Recorded data »
[Start of Attachment]
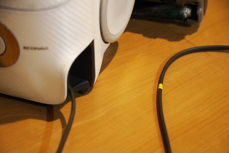 黄色いテープまで引き出さずに使うと、掃除機本体のなかで電源コードが発熱し、故障の原因となります。掃除機を大切に使うためには、どんなに近くの場所を掃除する場合でも黄色いテープが貼られている位置までは電源コードを引き出しましょう。
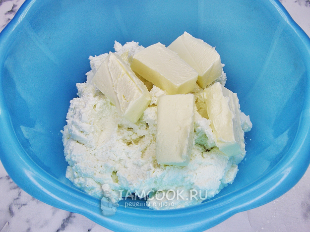 Добавляем в творог размягчённое сливочное масло и ещё раз перемешиваем.
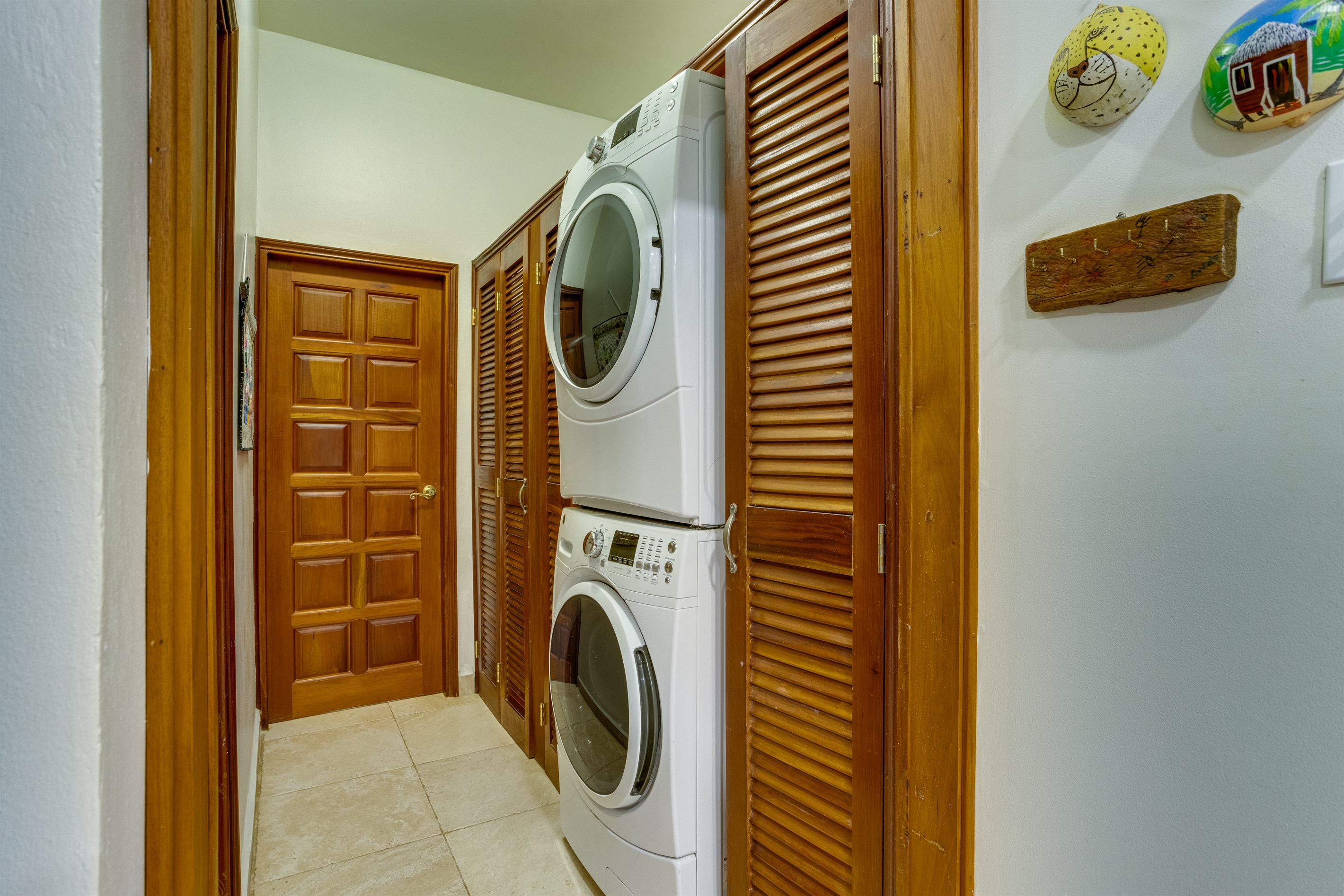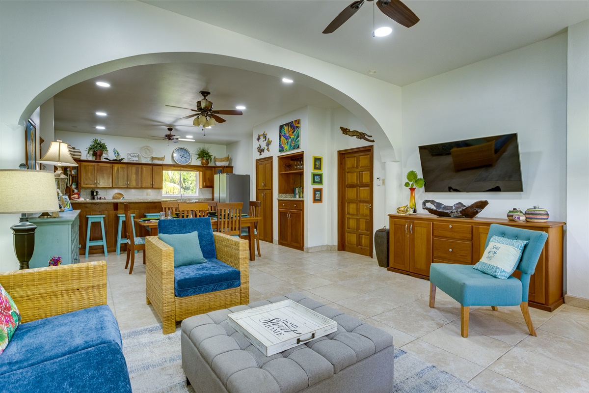 The living area is designed with both comfort and style in mind. It features plush seating and a Smart TV, making it the ideal spot for movie nights or catching up on your favorite shows. The villa is fully air-conditioned to ensure a cool and comfortable environment, no matter the time of year. And with a washer and dryer included, you'll have the convenience of doing laundry right in your own space.
[End of Attachment]
What needs to be done » Copy all the lines of data exactly as they appear, dropping any images.

Result below »
 黄色いテープまで引き出さずに使うと、掃除機本体のなかで電源コードが発熱し、故障の原因となります。掃除機を大切に使うためには、どんなに近くの場所を掃除する場合でも黄色いテープが貼られている位置までは電源コードを引き出しましょう。
 Добавляем в творог размягчённое сливочное масло и ещё раз перемешиваем.
 The living area is designed with both comfort and style in mind. It features plush seating and a Smart TV, making it the ideal spot for movie nights or catching up on your favorite shows. The villa is fully air-conditioned to ensure a cool and comfortable environment, no matter the time of year. And with a washer and dryer included, you'll have the convenience of doing laundry right in your own space.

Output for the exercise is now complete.